> Work to complete: Gather all lines in the entries below that include the word "Decor".

> Input:
——

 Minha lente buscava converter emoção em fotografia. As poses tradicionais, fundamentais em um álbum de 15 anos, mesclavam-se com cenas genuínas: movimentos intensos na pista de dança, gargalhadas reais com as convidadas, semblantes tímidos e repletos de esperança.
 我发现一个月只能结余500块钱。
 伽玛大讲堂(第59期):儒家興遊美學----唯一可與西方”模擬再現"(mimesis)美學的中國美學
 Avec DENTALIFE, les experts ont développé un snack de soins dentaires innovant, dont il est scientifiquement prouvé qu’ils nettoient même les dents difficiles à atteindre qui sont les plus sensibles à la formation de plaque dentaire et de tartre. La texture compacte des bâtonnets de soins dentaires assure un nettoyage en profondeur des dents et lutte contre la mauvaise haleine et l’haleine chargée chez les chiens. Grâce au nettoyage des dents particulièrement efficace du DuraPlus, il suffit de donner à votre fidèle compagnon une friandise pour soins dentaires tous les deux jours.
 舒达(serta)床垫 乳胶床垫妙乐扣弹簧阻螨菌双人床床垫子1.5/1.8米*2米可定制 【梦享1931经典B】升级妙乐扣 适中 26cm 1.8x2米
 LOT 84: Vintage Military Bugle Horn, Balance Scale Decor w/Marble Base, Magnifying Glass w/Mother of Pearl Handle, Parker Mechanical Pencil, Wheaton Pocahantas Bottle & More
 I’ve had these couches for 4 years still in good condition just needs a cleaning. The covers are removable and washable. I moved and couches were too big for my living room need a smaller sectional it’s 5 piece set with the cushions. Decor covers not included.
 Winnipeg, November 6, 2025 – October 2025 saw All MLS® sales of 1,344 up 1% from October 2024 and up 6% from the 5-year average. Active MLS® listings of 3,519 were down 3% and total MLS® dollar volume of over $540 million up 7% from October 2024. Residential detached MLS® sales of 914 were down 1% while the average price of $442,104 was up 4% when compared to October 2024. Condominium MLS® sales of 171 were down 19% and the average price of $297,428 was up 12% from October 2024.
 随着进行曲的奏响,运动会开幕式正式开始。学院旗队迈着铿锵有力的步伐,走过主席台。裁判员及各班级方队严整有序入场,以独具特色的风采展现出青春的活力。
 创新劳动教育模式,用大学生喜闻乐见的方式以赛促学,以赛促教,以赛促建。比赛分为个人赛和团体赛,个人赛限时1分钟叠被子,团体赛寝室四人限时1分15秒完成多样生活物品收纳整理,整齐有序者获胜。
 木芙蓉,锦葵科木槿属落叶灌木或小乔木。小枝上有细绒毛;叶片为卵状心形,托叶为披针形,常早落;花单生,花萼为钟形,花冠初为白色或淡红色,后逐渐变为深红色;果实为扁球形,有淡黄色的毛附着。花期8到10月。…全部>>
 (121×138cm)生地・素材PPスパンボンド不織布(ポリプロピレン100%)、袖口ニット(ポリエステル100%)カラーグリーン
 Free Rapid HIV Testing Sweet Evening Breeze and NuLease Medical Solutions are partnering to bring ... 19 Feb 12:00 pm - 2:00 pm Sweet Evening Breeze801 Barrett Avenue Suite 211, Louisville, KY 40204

——

> Response below:
 LOT 84: Vintage Military Bugle Horn, Balance Scale Decor w/Marble Base, Magnifying Glass w/Mother of Pearl Handle, Parker Mechanical Pencil, Wheaton Pocahantas Bottle & More
 I’ve had these couches for 4 years still in good condition just needs a cleaning. The covers are removable and washable. I moved and couches were too big for my living room need a smaller sectional it’s 5 piece set with the cushions. Decor covers not included.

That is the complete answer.